Three New Zealanders have already been arrested for circulating the 17-minute video, but the biggest problem has been Turkish strongman Recep Tayyip Erdogan, who has been broadcasting footage from the killer’s livestream at local election rallies across Turkey and ranting about a conspiracy orchestrated by western powers to vilify Turkey and Islam. On Monday, Erdogan insinuated that western news organizations are covering up some shadowy group that authored Tarrant’s manifesto for him.
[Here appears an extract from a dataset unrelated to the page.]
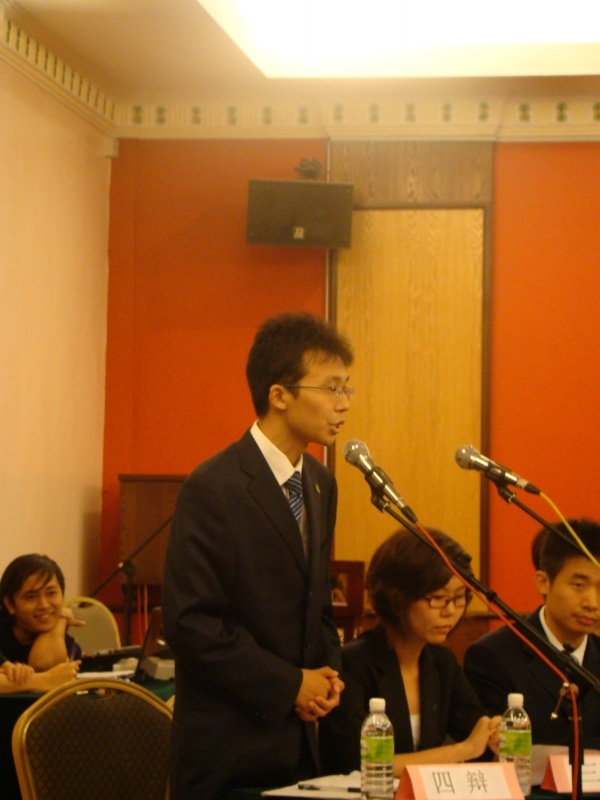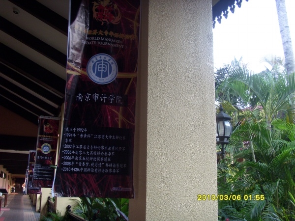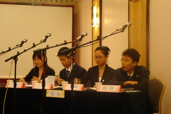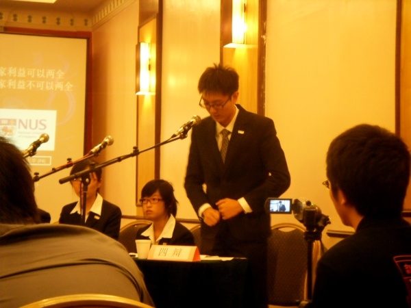 第一次参加国际性比赛,不管对于南审,还是对于我们队友和我个人,都是一次全新的征途,出发的时候,说实话,我心里并没有底,不知道和类似于新加坡国立大学这样的强手过招,会是怎样的结局,相当忐忑,甚至曾经说过“小组赛能拿下一场便是胜利”这种没志气的话。直到险胜第一场,进而大胜第二场,小组提前出线时,才算放下心来。接下来的比赛,彻底放开一切束缚地驰骋,那种感觉真的很好。记得那时和自己的战友们在一起彻夜讨论、逐点推敲,往往要到深夜一两点才睡,虽然很辛苦,但心里是很快乐的,有一种创业中才有的朝气与成就感。直到杀入八强,我们这群纯大二学生面对着淘汰上届世辩冠军的重庆大学研究生军团,还记得当时我们队长郭玲君学姐的叮咛:“不管多不利,放开打,气势上不能输。”颇有一番风萧萧兮易水寒的悲壮。初上场时其实是很紧张的,一下子就喝光了一瓶水。可突然之间想到了自己一路走来的点点滴滴,想起刚入队时学长学姐们的热情鼓励、想起两年中的往来厮杀、想起当年首战新加坡即使体力不支依然作完四辩稿、想起并肩作战中战友们的深厚情谊,望着PPT上南审的校徽凝神思索,都到这一步还有什么好紧张呢?那场比赛自己觉得打得真是酣畅淋漓,虽然现在回头来看还有很多缺陷,但至少问心无愧的是,自己的确把状态调整到了最佳。最后,也很荣幸,评委们授予了我我这场比赛的最佳辩手,但我们仍以8.5比12.5的微弱劣势告负,实力的原因有很多,但的确自己觉得从中获得了成长,如果有下次,相信我们会打得更好,走得更远。
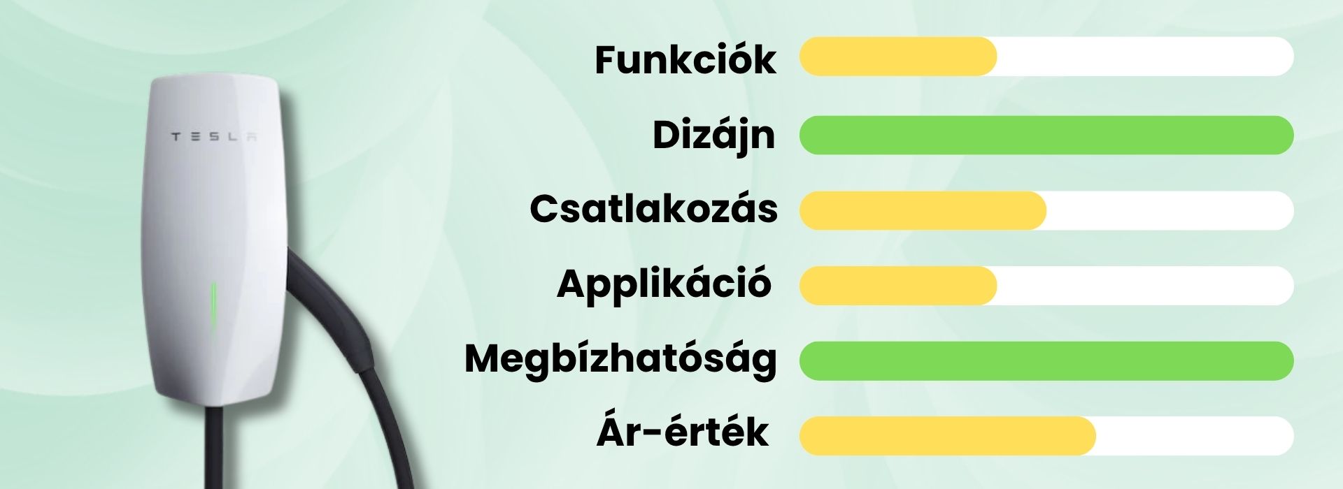 A Tesla hivatalos fali töltője. Gyönyörű kialakítás, átgondolt tervezés, minőségi összeszerelés. Funkciókban ha nem Tesla-val használjuk akkor egy BESEN Basic-nél nem kapunk többet, csak szebbet. Minden ami beállítható az az autó applikációjában érhető el, így kimondottan Teslásoknak ajánlanám, és akkor ha nincs szükség hálózatfigyelésre.

New Zealanders, meanwhile, remain in something like a state of shock. But that hasn’t stopped them from folding their arms around the country’s Muslims. And that compassion was not lost on Imam Gamal Fouda, as he made plain in his sermon to the thousands of New Zealanders who had come to comfort the grieving congregation of Masjid al Noor mosque in Christchurch.

The imam ran down a list of New Zealanders the congregation wanted to thank.

Prime Minister Arden, for starters. The many performances of the Maori dance of defiance, the haka, by Maori and non-Maori New Zealanders alike, to honour the dead and lift the spirits of the living. The New Zealand police. The ambulance crews and first responders and medical teams who were confronted with what St. John’s Ambulance officer Paul Bennett called “a river of blood coming out of the mosque” last Friday.

“Thank you for your flowers,” Iman Fouda told the vast crowd at Hagley Park. “Thank you for your love and compassion … Thank you to those who brought us food and helped us when we found it difficult to stand. Thank you New Zealand, for teaching the world what it means to love and care.”